• What you will do:
Beginning with the line below that contains "Una encantadora cortina" and ending with the line that contains "日本酒と日本橋の街の活性化を", copy every line exactly. Copy nothing else.

• Material for this exercise:
○ ○ ○
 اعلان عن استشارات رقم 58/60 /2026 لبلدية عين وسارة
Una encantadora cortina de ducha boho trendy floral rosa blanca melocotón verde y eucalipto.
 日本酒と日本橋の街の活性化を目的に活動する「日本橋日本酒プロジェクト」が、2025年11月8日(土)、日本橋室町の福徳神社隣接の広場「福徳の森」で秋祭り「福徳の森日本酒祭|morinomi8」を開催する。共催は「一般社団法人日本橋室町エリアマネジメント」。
○ ○ ○
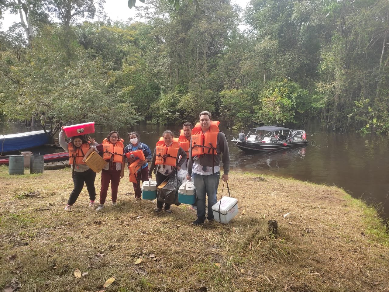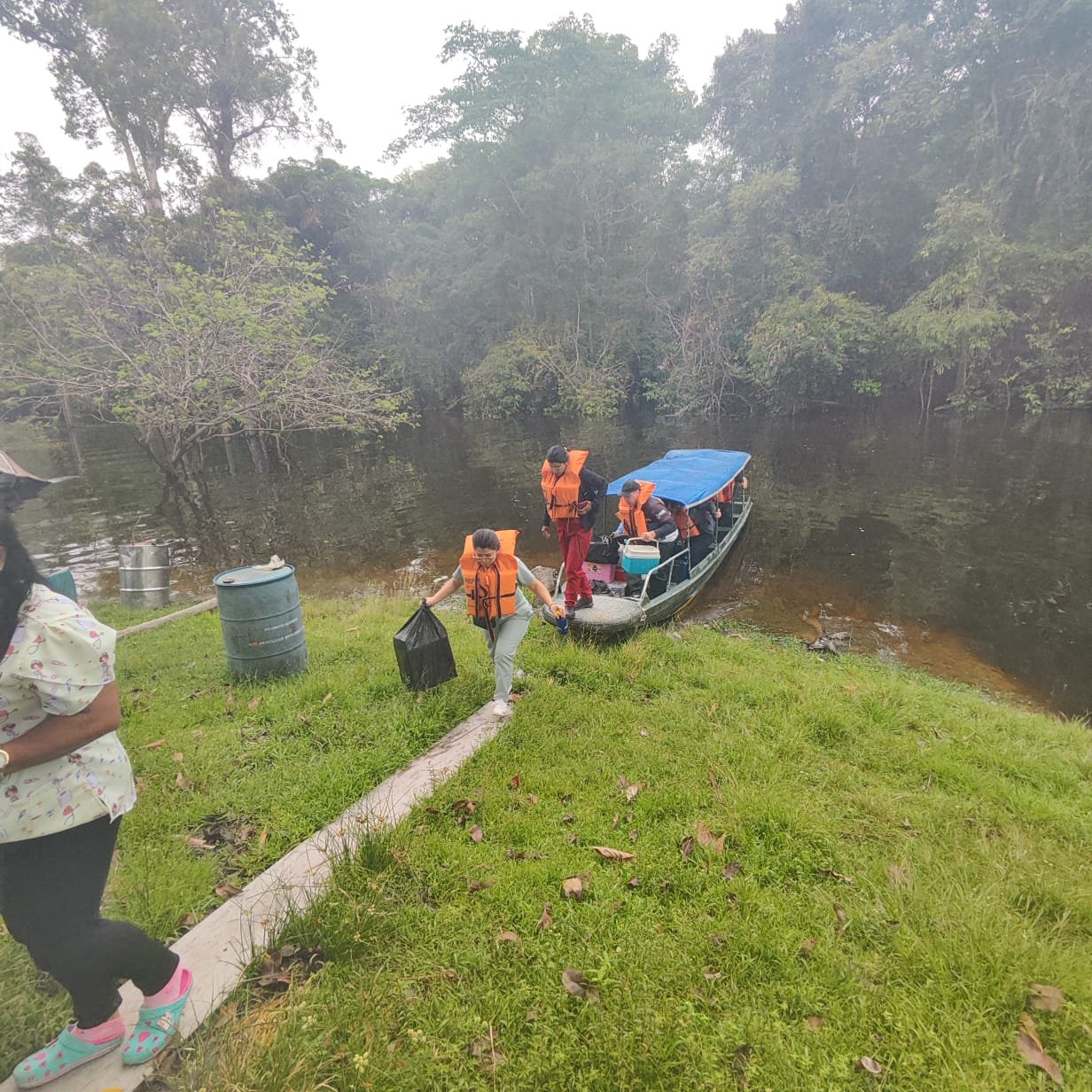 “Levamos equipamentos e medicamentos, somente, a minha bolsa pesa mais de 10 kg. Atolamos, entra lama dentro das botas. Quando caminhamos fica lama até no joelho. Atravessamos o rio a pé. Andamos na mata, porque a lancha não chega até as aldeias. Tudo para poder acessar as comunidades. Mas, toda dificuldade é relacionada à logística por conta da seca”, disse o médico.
○ ○ ○
• Result of the exercise:
Una encantadora cortina de ducha boho trendy floral rosa blanca melocotón verde y eucalipto.
 日本酒と日本橋の街の活性化を目的に活動する「日本橋日本酒プロジェクト」が、2025年11月8日(土)、日本橋室町の福徳神社隣接の広場「福徳の森」で秋祭り「福徳の森日本酒祭|morinomi8」を開催する。共催は「一般社団法人日本橋室町エリアマネジメント」。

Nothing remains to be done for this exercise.